There are many fad diets, including some of the above. Many fad diets promise quick weight loss and do not provide any scientific evidence of their effectiveness. Some require extreme reductions in the number of calories consumed. Others rely on supplements alleged to help burn fat. Still others are based on eating a single type of food.

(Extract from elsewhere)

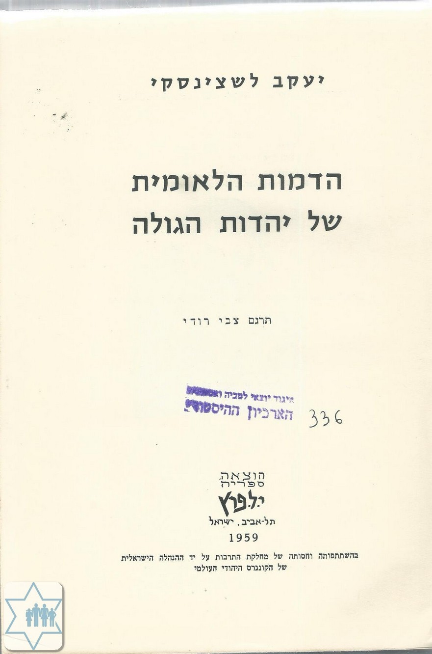Pages 410 Place Tel Aviv Year 1959 Archive 336 Language Hebrew Author in original language לשצינסקי יעקוב Name of book in original language הדמות הלאומית של יהדות הגולה
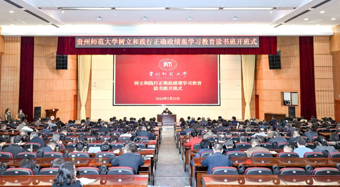 树立和践行正确政绩观学习教育是今年党的建设的重点任务,更是高校坚守立德树人根本使命、推动内涵式发展的必由之路。根据党中央、省委及省委教育工委部署要求,3月23日至24日,贵州师范大学举办树立和践行正确政绩观学习教育读书班暨理论学习中心组专题集中学习研讨会,组织校领导、处级干部率先垂范、深学细研,充分发挥以上率下、示范引领作用,推动学习教育深度融入办学治校、教书育人全过程,切实把学习成果转化为驱动学校高质量发展的强劲动能。

These diets have not been shown to lead to sustained weight loss, and many are dangerous. Some provide inadequate amounts of essential nutrients and, over time, can lead to serious metabolic disturbances, such as loss of bone density and strength (including osteoporosis), problems with menstruation, abnormal heart rhythms, high cholesterol levels, kidney stones, and worsening of gout.

Diets backed by science

Some diets have been scientifically studied and shown to be effective in promoting health—for example, by reducing the risk of atherosclerosis (including coronary artery disease), which can lead to heart attacks or stroke. These diets include the Mediterranean diet and the DASH diet.

The Mediterranean diet contains large amounts of olive oil, fruits, vegetables, nuts, and grains. It includes fish and poultry (but in smaller amounts than fish). Consumption of dairy, meats such as beef and pork, and sweets is limited. Drinking wine in moderation is encouraged.

Studies have shown that the Mediterranean diet helps reduce the risk of atherosclerosis, including coronary artery disease. This diet significantly reduces the risk of deaths due to coronary artery disease, as well as the risk of having a heart attack, a stroke, and angina (chest pain that occurs when the heart does not get enough blood and oxygen).

When the number of calories consumed is reduced, the Mediterranean diet may result in greater weight loss than a low-fat diet. This type of diet may be especially helpful for people who are overweight, have diabetes or a heart disorder, or have risk factors for atherosclerosis (and coronary artery disease).

The DASH (Dietary Approaches to Stop Hypertension) diet emphasizes eating lots of fruits and vegetables and using low-fat dairy products. Thus, the diet is low in saturated fat and cholesterol. It includes poultry, fish, whole grains, and nuts and limits consumption of red meats, sweets, and salt.

The DASH diet can reduce blood pressure in people with and without high blood pressure, even if weight is not lost, and can reduce blood sugar levels and improve cholesterol levels. This diet can benefit people with high blood pressure and may benefit those who are overweight, have diabetes or a heart disorder, or have risk factors for atherosclerosis (and coronary artery disease).